I think the easiest way to illustrate what I have in mind is with a concrete example. Imagine the following scenario:

  • A big room with lots of people sitting at computers. The people are the human players. The machine players are sitting inside a big server at the back of the room.
  • The domain for this competition is a Go board, a 19×19 checkerboard with black and white pieces. Although all bouts in this tournament will take place on a Go board, the rules and goals of each bout will be up the teacher of that bout.
  • Let us peer over the shoulder of a human player, currently in the role of student, trying to determine what the rules of the bout are, and play so that the bout terminates before running out of time. Neither we nor they know whether the other player is human or machine.
  • The board is blank initially.
  • As always, the teacher makes the first move. They place a horizontal line of 19 black pieces in the bottom row of the board.
  • Now it is the student’s turn. They have no idea how the bout is scored, what the aim is, what constitutes a legal move, how many moves there will be or whether there will be multiple sub-bouts. All of that is up to the teacher.

    Working on the assumption that the teacher wants the student to play white, the student lays down a single white piece in the top left corner.

  • The teacher removes the white piece, and replaces it with a horizontal row of white pieces just above the existing horizontal black line, and another horizontal row of black pieces above that. So now there are three rows of pieces filling up from the bottom of the board: black, white and then black.
  • The student decides that the removal of their white piece in the corner was a signal that its future moves should consist of placing an entire row of pieces on the board at a time. The student tries placing an entire row of white pieces in the top row of the board.
  • The teacher again removes all the student’s pieces, and replaces them with another row of white pieces and another row of black pieces.
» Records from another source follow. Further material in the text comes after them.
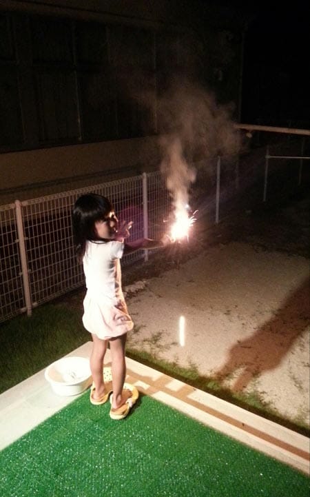我が家では毎日風呂上がりにカキ氷と花火(4本程度ですが)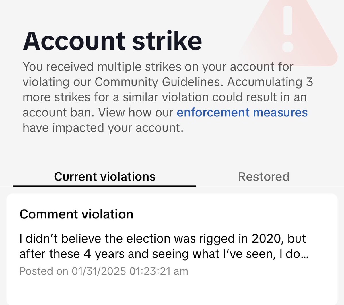 TikTok censors user for comment about her opinion on election: An X user shared a screenshot showing the current violations on her TikTok account that led to account strikes. The user had made a comment that read, in part, "I didn't believe the elections as rigged in 2020, but after these 4 years and seeing what I've seen, I do..." According to the screenshot, TikTok issued a comment violation for the comment that resulted in the comment being deleted and an account strike being issued. The user was alerted that "3 more strikes for a similar violation could result in an account ban."
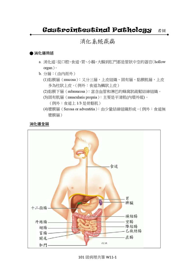 可單獨發生,但往往合併於其他胃病,如胃潰瘍、胃癌。 萎縮性胃炎 胃黏膜萎縮使分泌胃液功能變差,造成消 化不良 增生性胃炎(hyperplastic gastritis) 胃黏膜變的肥厚且一團一團的,像鵝卵石 一樣 c. 致病原因: 環境(environmental)因素: (1) 胃幽門桿菌(H. Pylori gastritis, HP) I. 飲食 II. 抽煙 III. 酗酒 IV. 分泌過剩 (hypersecretory) : 屬於增生性胃病 (hyperplastic gastropathy) (2) Zollinger‐Ellison syndrome:由於腫瘤而分泌過多的胃泌素,使得 I. 胃酸分泌過多。 Menetrier’s disease(講義打錯字) II. Hypertrophic hypersecertory gastropathy III. 自體免疫(autoimmune) :自體免疫慢性胃炎(autoimmune chronic (3) gastritis)抗體攻擊胃腺細胞 胃幽門螺旋桿菌(H. Pylori gastritis, HP) 胃幽門螺旋桿菌(H. Pylori gastritis, HP) 1. 作用機制:HP 位在黏液層深處,HP 分泌的酵素和毒素會跟宿主分泌的胃酸 及蛋白分解酵素作用,造成胃黏膜的慢性傷害,產生慢性胃炎。 2. 治療時要消滅 HP,故會合併使用抗生素。 3. HP 會產生尿素,臨床上可以用做檢驗的指標。 幽門螺旋桿菌有關的疾病 慢性胃炎(chronic gastritis) 強烈相關 消化性潰瘍疾病(peptic ulcer disease) 強烈相關 胃癌(gastric carcinoma) 病源學上的假說 胃淋巴癌(gastric lymphoma) 病源學上的假說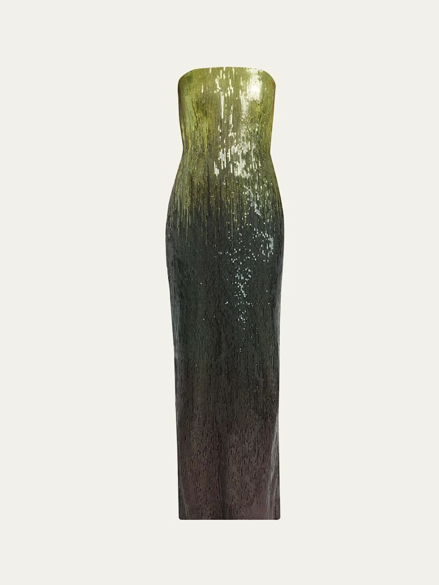 This Elie Saab gown is covered with cascading ombre sequins, designed in a column silhouette for effortless elegance Strapless neckline Sleeveless Center back slit Full length Column silhouette Invisible back zipper Polyester/silk Lining: Silk Made in Lebanon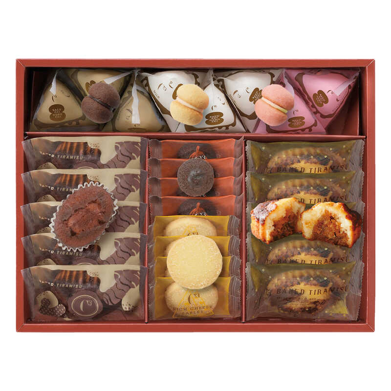 - 焼きティラミス・焼きティラミスショコラ×各5、サクッチ ホロッチ/ミルク・チョコ×各3・いちご×2、ハイカカオブラウニー・芳醇チーズサブレ×各4
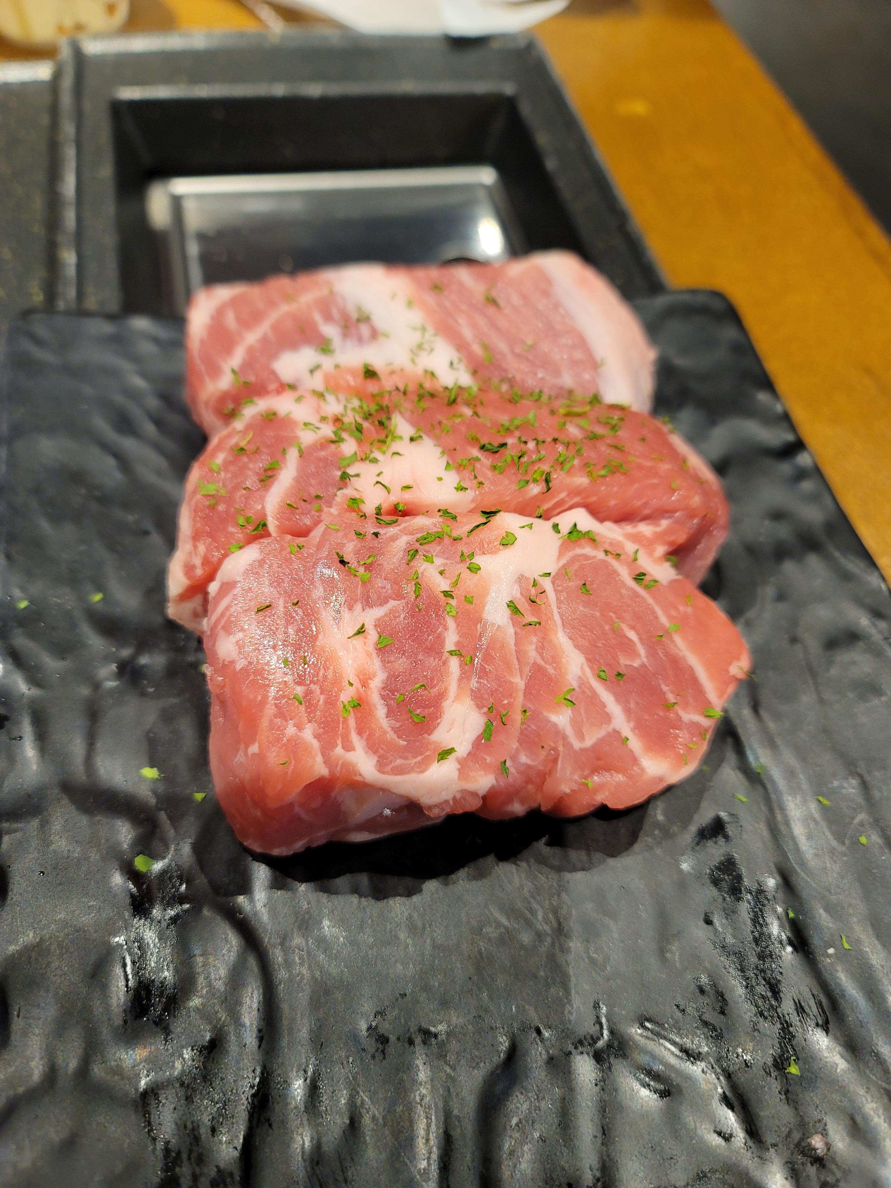 주문한 삼겹살 3인분과 목살 3인분이 나왔구요,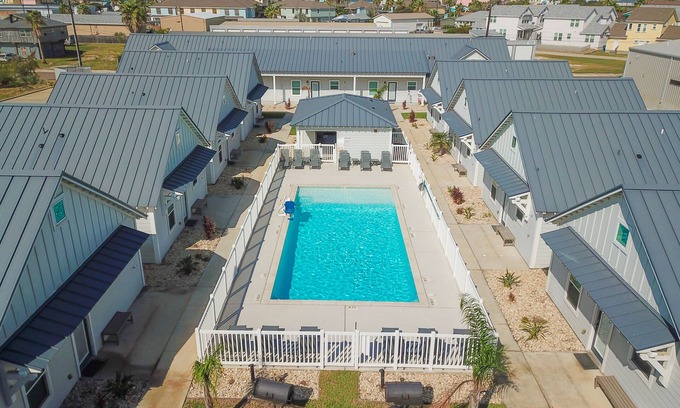Welcome to Old Town Cottages - your gateway to the perfect Port Aransas getaway! Nestled in the heart of Old Town, our 18 charming cottages await to provide you with a memorable vacation experience. Each of our 18 individual cottages offers a comfortable and spacious 2-bedroom, 2-bathroom layout, accommodating up to 8 guests. Our cottages are centered around a tranquil courtyard, where you'll find a shared pool, charcoal grills, picnic tables, a pool house with 2 restrooms, and ice/vending machines. Feel free to unwind, grill up some delectable meals, or just enjoy quality time with your loved ones. We understand that your four-legged family members are important too. Old Town Cottages are pet-friendly, so your furry friends can join in on the fun. As an added bonus, each cottage comes with a 4-seater golf cart for the duration of your stay. It's an excellent way to explore the town and easily reach the beach, making your vacation even more enjoyable. Old Town Cottages are ideally situated within walking distance of charming shops, delicious restaurants, and the vibrant nightlife of Port Aransas. When it's time to hit the beach, a short golf cart ride will take you to the pristine sandy shores of the Gulf Coast. Whether you're planning a family vacation, a friends' getaway, or a reunion, Old Town Cottages are the perfect choice. You can rent multiple cottages to accommodate large groups while enjoying your private spaces.

The bottom of the board consists of black, white, black, white and black stripes.
  • The student reasons that its next move should be to place a row of white pieces above the most recent row of black pieces to continue the stripy pattern.
  • Gratifyingly, the teacher leaves the row of white pieces in place, and adds a black row above it, as expected.
  • The two players continue to take turns until all but the top row has been filled with alternating black and white rows.

    Now, it is once more the teacher’s turn, and the student wonders whether the last row will be filled in. Instead, the board blanks again, and the teacher places a vertical column of white pieces on the right hand side.

  • The student tries tentatively to place an adjacent column of black pieces, deciding that this sub-bout involves creating black and white vertical stripes, with the black and white players reversed.
  • As it turns out, this assumption appears to be correct, since the teacher does not remove the student’s pieces, and together they quickly build up an alternating vertical stripe that moves leftwards.
  • When only the last column remains to be filled in by the teacher, the bout has reached criterion, and the student moves on to the next bout, with a different player.
  • Upon inspecting the scores later, our human player (the ‘student’ in the bout just described) finds that they had scored highly on that bout, but not as high as some. Some of the machine players had failed to see a pattern at all, and had been putting pieces down more or less at random. These players did the worst, since the scoring for this tournament is a function of the total number of turns taken to finish the bout, as well as the number of errors made by the student. (need to clarify???)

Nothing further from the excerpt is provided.